By 2030 the small family restaurant and food business has benefitted from the more efficient preparation and electric induction cooking equipment developed for the large production kitchens. More of them are using blast chillers and vacuum technology to save time and labor costs.

The increasing requirement  of food safety standards and the ability to use AI and Blockchain to manage the traceability of temperature and quality of food from farm-to-fork has been increasingly adopted with the side benefit of the provenance of the ingredients being identified. With the use of more locally sourced fresh ingredients to overcome the issue of food miles as well as managing unreliable supply, foodservices have needed to upgrade their handling and preparation systems and controls to meet food safety standards and to avoid contamination from the garden getting into the kitchen. These technologies as well as the replacement of harsh chemicals for all ingredient and equipment sanitizing and general cleaning in the kitchen now use electrolyzed water green chemical solutions rather than chemicals which are not only good for the environment but also adopted because they show an effective return on the investment of the technology. These cleaning technologies are being complimented by the use of UVC sanitizing light systems, not only for equipment and surface sanitizing but also with the explosion of coronaviruses in air handling filtration systems.
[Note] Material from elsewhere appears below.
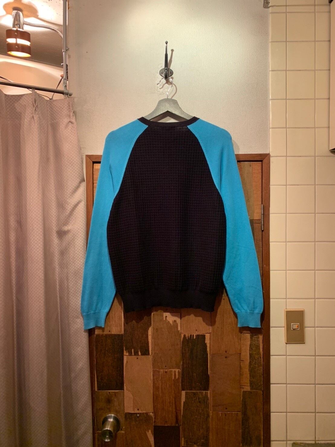 “byblos” made in ITALY light blue×black cotton unique zip pattern knit sweater

By 2030 all foodservice businesses will have been impacted by the environmental expectations of their customers as well as authorities on what they do. The direct impact through the cost of energy and services used is only partially controllable but through acting proactively by the adoption of technology and systems that deliver a measurable environmental benefit can be a positive story to tell. Many larger foodservices businesses either through being part of a larger entity like a hotel chain or contracting business are being expected to demonstrate how they are meeting their environmental targets, but even smaller standalone businesses will now have to show they are improving their environmental footprint. Regular licensing and permit applications will have increasingly required businesses to report on their GWP reduction strategies. Dedicated reporting programs will be available, linked to the HACCP compliance traceability reports that make the process of being seen as a green foodservice easier to achieve.

In many cases consultants are already designing facilities that will certainly be in operation in 2030 and some maybe in the case of institutional kitchens even a decade later in 2040; all be it with incremental updating. As always, these facilities will need to be designed with the flexibility to adopt and benefit from emerging technologies and designed to enable foodservice businesses to remain both compliant and profitable. 2030: for foodservice consultants the future is already here.